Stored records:
+===+

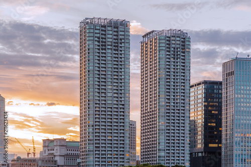 夕暮れの東京の街
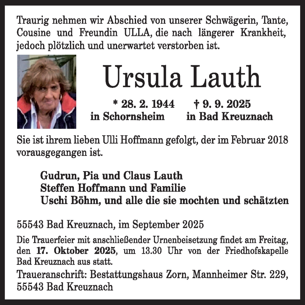 Hier finden Sie alle Traueranzeigen aus der Zeitung, die bisher für Ursula Lauth erschienen sind. Weitere Traueranzeigen, die in der Zeitung erscheinen, werden hier ebenfalls aufgelistet
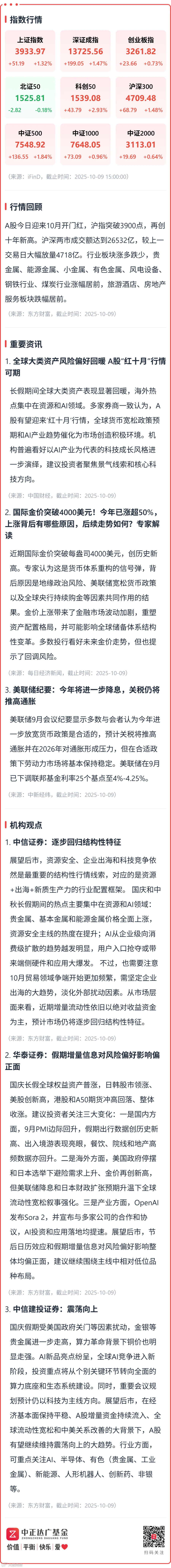 导读:A股今日迎来10月开门红,沪指突破3900点,再创十年新高。
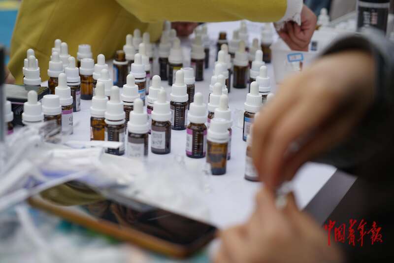 4月9日,北京亦庄,一个年轻人利用AI推出了“AI调香”项目,参与者与AI对话,AI会将对话者输入的信息解析成香料配方,现场进行调制。中青报·中青网记者 李强/摄
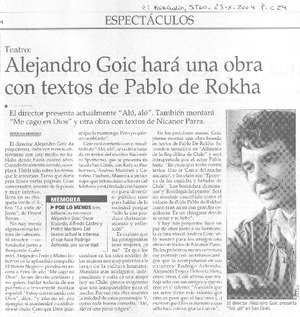 Alejandro Goic hará una obra con textos de Pablo de Rokha [artículo] / Verónica Marinao El Mercurio (Diario : Santiago, Chile) oct. 23, 2004, p. C24. .
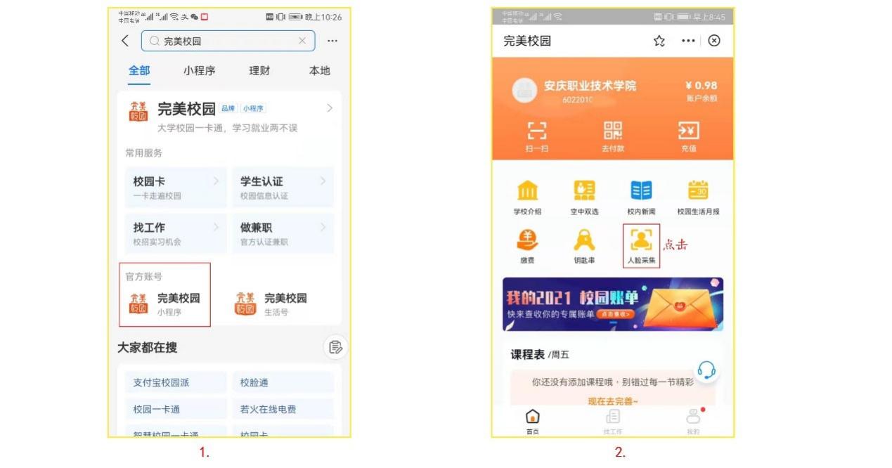 学校进出学校,班级或寝室都将采取人脸加刷卡功能,为方便使用需要在支付宝“完美校园”小程序或完美校园”APP中录入人脸信息或上传个人照片。以便今后进入校园和宿舍门禁或闸机。

+===+

Aim of the task: Exactly as written above, print every line of the data but not its pictures.

Task answer:
 夕暮れの東京の街
 Hier finden Sie alle Traueranzeigen aus der Zeitung, die bisher für Ursula Lauth erschienen sind. Weitere Traueranzeigen, die in der Zeitung erscheinen, werden hier ebenfalls aufgelistet
 导读:A股今日迎来10月开门红,沪指突破3900点,再创十年新高。
 4月9日,北京亦庄,一个年轻人利用AI推出了“AI调香”项目,参与者与AI对话,AI会将对话者输入的信息解析成香料配方,现场进行调制。中青报·中青网记者 李强/摄
 Alejandro Goic hará una obra con textos de Pablo de Rokha [artículo] / Verónica Marinao El Mercurio (Diario : Santiago, Chile) oct. 23, 2004, p. C24. .
 学校进出学校,班级或寝室都将采取人脸加刷卡功能,为方便使用需要在支付宝“完美校园”小程序或完美校园”APP中录入人脸信息或上传个人照片。以便今后进入校园和宿舍门禁或闸机。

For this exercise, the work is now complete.